The field of real numbers is the classic case of a non-operative closed set. An algorithm can produce only numbers that can be represented with a finite number of characters, and so it is possible, finite or countable sets of real numbers ( for constructivists are regular sequences of rational numbers) to construct ( by, for example, simply each Specifies a name ), but it is not possible to provide an algorithm that can generate any real number. Because of these should be able to produce in countably many steps, but this is not possible because the set of real numbers is uncountable ( Cantor's second diagonal argument). The " amount" of the real numbers, so can not by an algorithm (or finitely many ) are given, but one would need an infinite number of algorithms to generate all real numbers, and these infinitely many algorithms can not turn by a higher-level algorithm produce ( because also it would follow that the real numbers would be countable ). The algorithms for the generation of all real numbers therefore do not form a surgically closed area, and are therefore difficult to " present ready " to be called and therefore form more of a potential infinity.

Remarkably, despite these difficulties, the set of real numbers to produce sporadically encountered with respect to the infinity of the real numbers on the constructivist side of the aktuale view: The intuitionist Luitzen Egbertus January Brouwer sees the continuum as an original intuition, that is, as something the human mind ready given and thus aktual infinite. As such, the set of real numbers is the common mathematical modeling of the continuum, and they can then be conceived as infinite -update.

There is thus in the philosophy of mathematics in addition to the rejection of all infinity terms ( Ultrafinitismus ) the exclusive acceptance of the potentially infinite ( finitism ), beyond going the acceptance of the actual infinite of only surgically closed sets as the natural numbers ( constructivism), and the acceptance actual infinite only for the continuum ( intuitionism ), while Platonism actual infinity continuously accepted.

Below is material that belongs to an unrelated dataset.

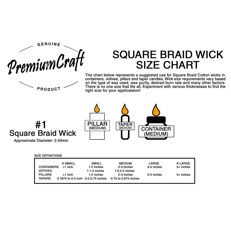 PremiumCraft Square Braid Cotton Candle Wick - #1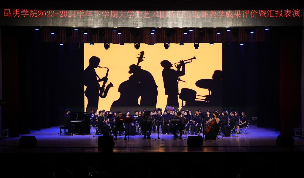 演出中,聂耳大学生艺术团所属舞蹈、合唱、话剧、管乐、电声、礼仪6个分团带来了精彩的汇报表演,集中展示了特色公选课的丰硕成果,为观众带来了一场视听盛宴。演出在电声乐团《平凡之路》《蓝莲花》等节目中拉开序幕,小舞台剧《假如没有李白》《新时代中国青年》,西洋管乐合奏《大鱼海棠》《孤勇者》,合唱《夏天的梦是什么颜色的呢》《青春微光》,礼仪舞《礼韵中华》、民族舞《苗岭》、中国舞《盛世鸿姿》等节目依次上场,展现了永利官网学子的艺术才华和扎实的艺术功底。演出还特别邀请到昆明聂耳交响乐团带来弦乐四重奏《金蛇狂舞》《一步之遥》。演出让师生观众们沉浸其中,现场掌声不断,获得师生一致好评。

The classical mathematics, while the vast majority of today's mathematician accepts actual infinity for all quantities can be defined on the basis of the axioms of Zermelo -Fraenkel set theory: the axiom of infinity yields the existence of the set of natural numbers, the power set axiom that the real numbers. On this axiomatic basis results in an infinite variety of levels of actual infinity, which are characterized by different cardinal numbers. For the cardinal numbers can be similar to the real numbers, do not specify a general development process, which could all produce. Whether the " totality of all cardinal numbers " a meaningful concept is whether they can be regarded as actual infinity, is controversial even among mathematicians. Interpreted this as a whole lot in terms of axiomatic set theory, namely leads to a logical contradiction (first Cantor's antinomy ).